Set aside the disclosure drama, because the interesting part is what this tells you about building your own. That free checkpoint, it turned out, was the foundation of something enormous. Cursor grew so fast that in June 2026 SpaceX agreed to acquire its parent company for sixty billion dollars. A tool whose brain began as a free download is now the subject of one of the largest acquisitions in software history. Which raises an obvious question, if the starting point is free, how much of this can you build yourself? A frontier coding tool turns out to be three things stacked together: an editor, an inference engine, and a model. The editor is open source. The engine is open source. And the model, it turns out, can be a free download too. The thing that felt like proprietary magic is mostly an integration, and that means you can build a working version yourself, one that runs on your own hardware, keeps your code on your own machine, and costs nothing per token once the GPU is paid for.
You will not match what Cursor spent after the download, and it is worth being precise about that gap rather than hand-waving it. But you can get genuinely close to the core experience in a weekend. Here is the full stack, the real commands, and the one design decision that makes the whole thing work.
The honest architecture
A Cursor-like tool is three layers, and it helps to see them clearly before touching any code.
The first layer is the editor, the part you actually look at. Cursor is a fork of Visual Studio Code, which is the quiet reason it could exist at all, the hard problem of a mature, extensible editor was already solved and open source. You do not need to fork anything. You run VS Code as it ships and drive it with an extension.
The second layer is inference, the engine that takes your code and produces completions, edits, and answers. Cursor runs this in the cloud at enormous scale. You run it locally with an inference server on your own machine.
The third layer is the model, the brain. Cursor fine-tunes its own now, starting from that open checkpoint. You download an open one directly. And the gap between open and closed coding models has narrowed to single digits on most benchmarks, so the brain you can get for free sits closer to the frontier than it ever has.
The decision that makes all of this practical is that you do not use one model for everything. The standard local setup, the one most Continue.dev configurations use, runs two models in two roles. A small, fast model handles tab-completion, where every millisecond counts because you are waiting on it in real time. A larger model handles chat and multi-file edits, where quality matters more than speed. Splitting the work across two models is the single most important choice in the build, and getting it right is most of what separates a tool you actually use from a sluggish toy.

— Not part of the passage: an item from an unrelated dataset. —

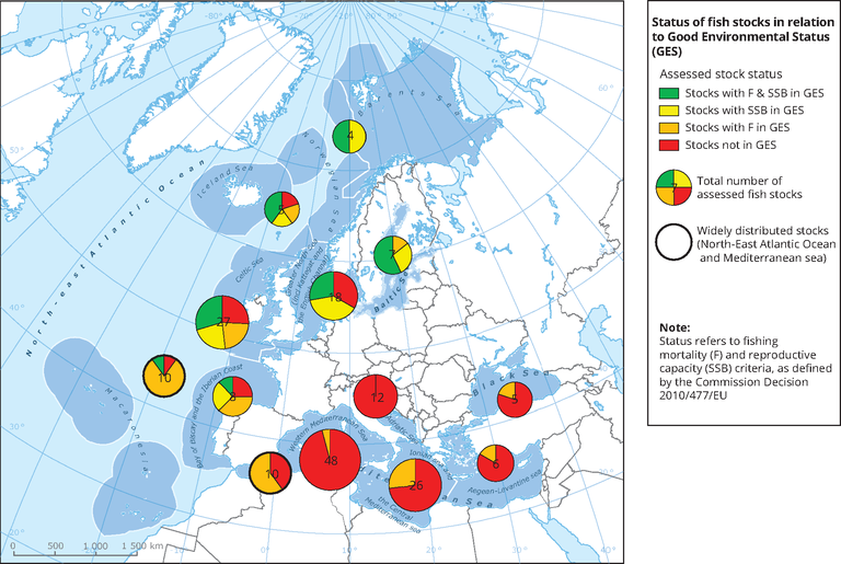 For the regions covered by ICES this is based on the status in 2012, in the regions covered by GFCM and ICCAT the latest assessment was used which in practice involves assessments as far back as 2007.

Slot one is autocomplete, and it works differently than you would guess
When you pause typing and grey ghost text appears for you to accept with Tab, it is tempting to assume the model is just predicting the next few words. It is not, and the difference matters for which model you pick.
Your cursor sits in the middle of a file. There is code above it and code below it, and a good suggestion has to fit cleanly between the two. That is a fundamentally different task from continuing text left to right, and it has a name, Fill-in-the-Middle, usually shortened to FIM. A normal language model predicts what comes next and cannot natively fill a gap that has content on both sides. FIM fixes this by reordering the training data, splitting each file into a prefix, a middle, and a suffix, and teaching the model to generate the middle when handed the prefix and suffix wrapped in special marker tokens. At completion time, the extension sends everything before your cursor as the prefix and everything after as the suffix, and the model produces the piece in between.
This is why you cannot point an ordinary chat model at autocomplete and expect good results. The model has to have been trained for FIM to be any good at it. Mistral’s Codestral was built specifically for this and it shows, posting roughly 95% on single-line fill-in-the-middle accuracy, which is why it is the standard recommendation for the autocomplete role and why Continue.dev’s own docs point people toward it. There are smaller specialized options too, like compact Qwen coder models, if you want something even lighter on an older card. The point is to use a model built for the job, because autocomplete is the feature you feel most, and a dedicated model is where that experience is won.
Slot two is the chat and agent brain
The second model does the heavier thinking. Refactor this function, explain this stack trace, edit these four files to add an endpoint. Latency tolerance is higher here, so you can afford a bigger model.
For a setup that runs on a single machine, the current sweet spot is Qwen3-Coder-30B, the open coding model from Alibaba. It is a mixture-of-experts design, meaning it has a large total parameter count but only activates a small fraction, around three billion parameters, for any given token, so it runs far lighter than its thirty-billion size suggests. It supports tool-calling, which is what you need for any agent-style behavior, and quantized to a four-bit version it fits in roughly 19 gigabytes, comfortable on a 24-gigabyte card. One developer reports running it at a very large context on a high-VRAM 4090. That single model, well served, covers chat, edits, and basic agent loops.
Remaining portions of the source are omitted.